■ **What this task involves**
From top to bottom, print the listing word for word and skip any pictures it contains.

■ **Dataset content**
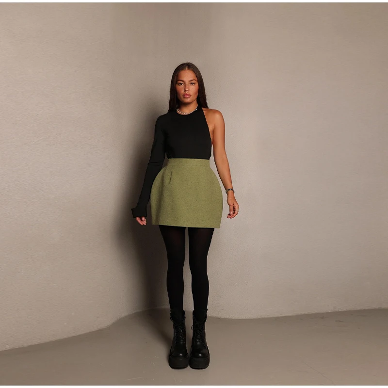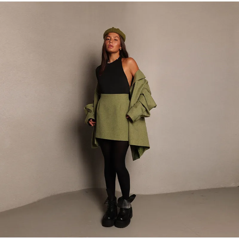 1. Chic Color Blocking:Matching green blazer & skirt with a light blue shirt creates a stylish, coordinated look.
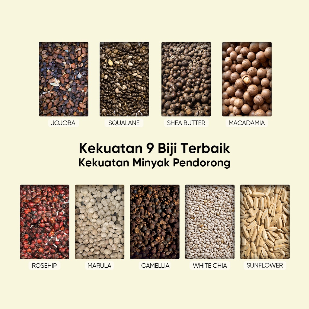 Facial Oil yang menggabungkan 9 jenis natural oil Jojoba, Squalane, Shea Butter, Macadamia, Rose Hip, Sunflower Seed, Marula, Camelia, dan White Chia Seed, untuk mengatasi permasalahan kulit kering, bertekstur dan kemerahan. Dengan tekstur yang ringan, Facial Oil ini menghidrasi, melembutkan, dan menenangkan kulit, untuk perbaikan skin barrier secara intensif dan mendalam. Dapat digunakan langsung, ataupun dicampurkan pada skincare lain untuk mendorong hasil yang optimal.
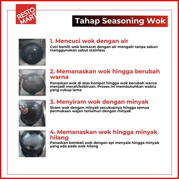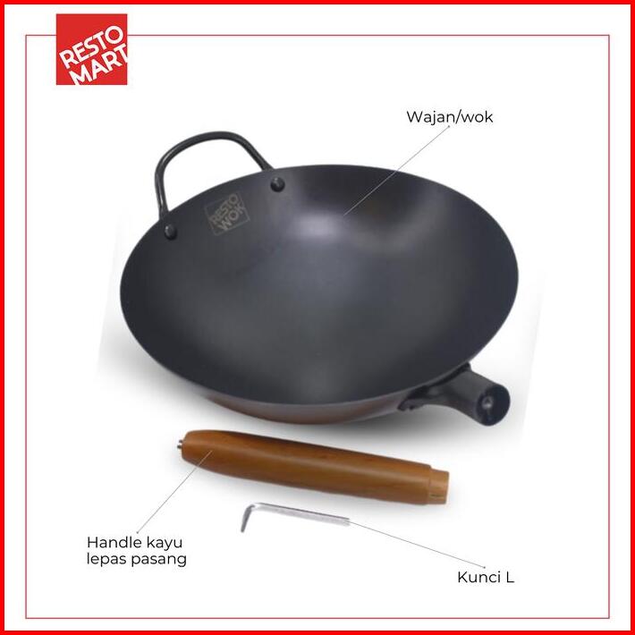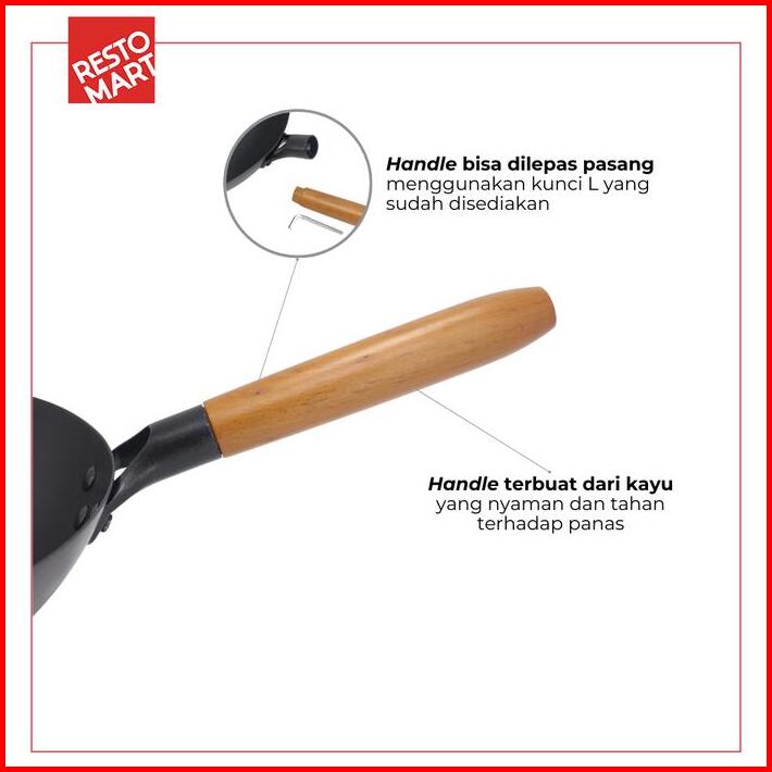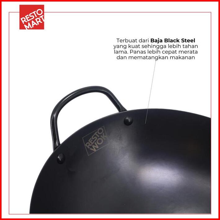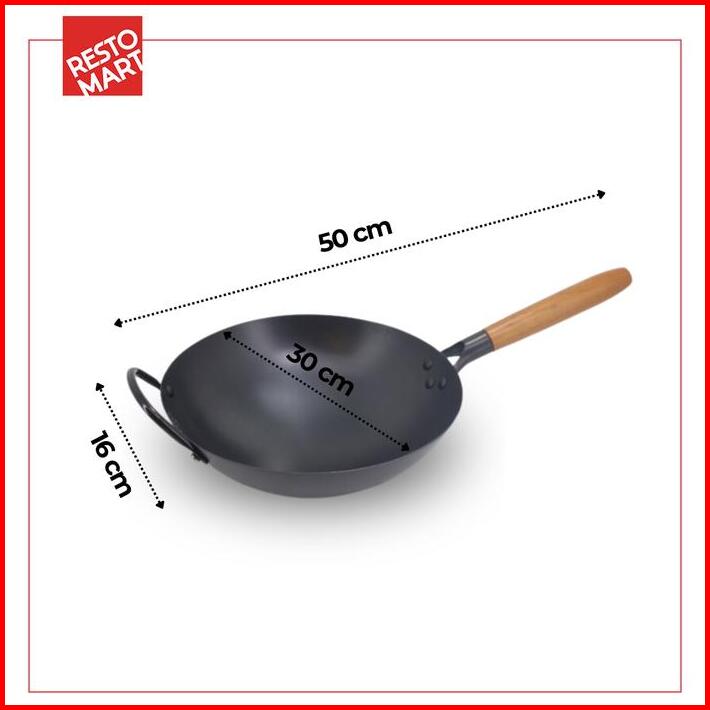 Wajan Baja Pre Seasoned Kuali Wajan Black Steel Single Handle Wok 30 Cm Restowok 2291093 F12

■ **Your response**
 1. Chic Color Blocking:Matching green blazer & skirt with a light blue shirt creates a stylish, coordinated look.
 Facial Oil yang menggabungkan 9 jenis natural oil Jojoba, Squalane, Shea Butter, Macadamia, Rose Hip, Sunflower Seed, Marula, Camelia, dan White Chia Seed, untuk mengatasi permasalahan kulit kering, bertekstur dan kemerahan. Dengan tekstur yang ringan, Facial Oil ini menghidrasi, melembutkan, dan menenangkan kulit, untuk perbaikan skin barrier secara intensif dan mendalam. Dapat digunakan langsung, ataupun dicampurkan pada skincare lain untuk mendorong hasil yang optimal.
 Wajan Baja Pre Seasoned Kuali Wajan Black Steel Single Handle Wok 30 Cm Restowok 2291093 F12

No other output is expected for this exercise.